As I have written previously elsewhere, the abstract language of manage- ment carries and imposes a visual order on the functioning of society.2 Whereas logistical, bureaucratic and data infrastructures are often discussed in terms of invisibility and seamlessness, they actually rely on aesthetics to convey the idea that it is possible to run the world, and capital, smoothly.


Aesthetics are an essential component to enable command over space and time, over territory and resources without friction. It is this – and not efficiency – that is visual language’s great achievement: a ubiquitous visual and conceptual order that stimulates humanity’s Modernist dreams. A seamless façade that forecloses other possible alternatives and leaves no other agency than to keep on improving the system; the endless cycle of a new technology, a new software update, a new algorithm that will convey the current aspirations of the time. Once a part of our imagination, this language and its visual order cancel out any other understanding of the world.

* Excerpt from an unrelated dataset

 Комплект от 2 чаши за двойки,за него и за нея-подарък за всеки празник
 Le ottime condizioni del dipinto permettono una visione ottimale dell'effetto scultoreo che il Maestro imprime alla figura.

In the hands of Clarkson, the technical, rational language of flows is rendered aleatory and charged with a meaning excess. In K-House cut out coloured metal arrows appear twisted, bent, superimposed, intertwined. These graphical signs create diagrams of unknown and probably not yet existing processes. When presented outside of the screen and Excel spreadsheets, they are now empty signifiers. Yet this temporary emptiness is perhaps what allows for the amplification of the otherwise saturated human’s attention span. Outside of the rhythm of semiocapitalism, these signs create a surplus of time, as their initial suspension of meaning is soon followed by a process of poetic (re)signification.


Clarkson’s arrows, numbers and codes surpass their assumed catego- ries under the universal language of economy. The result is an artistic language that aligns, yet again, with Berardi, in an understanding of poetry as a linguistic political weapon. Language, through poetry, cannot be reduced to information and treated like currency, as it exceeds the field of signification.3 Instead of striving for generalisation, standardisation and homogeneity, the markers of logistical, data management and bureaucratic language are here able to accommo- date contingent articulations and forms of difference.


No, in K-House there are no chairs or screens. We are not entering this office space in our role as receiving, isolated, terminals. We are, instead, invited to mingle as social and physical bodies. Invited to question this abstract, long-standing model for organising social relations and politics under the rules of the productive and functional. While we do so, however, we also know there are countless other receiving terminals, precarious underpaid workers and intelligent machines processing information flows linked to chains of value production. Some of them are seated in data management offices, and others are in the ateliers labouring under the global art market.



Citations


1 Franco ‘Bifo’ Berardi, ‘Cognitarian Subjectivation’, e-flux Journal #20, November 2010

2 Marina Otero Verzier, ‘Logistics’, AA Files, no.76, Architectural Association, 2019, pp.119–121.

3 See Franco ‘Bifo’ Berardi, The Uprising: On

Poetry and Finance, Intervention Series, vol.14, Semiotext(e), 2012 and Breathing: Chaos and Poetry, Intervention Series, vol.26, Semiotext(e), 2019.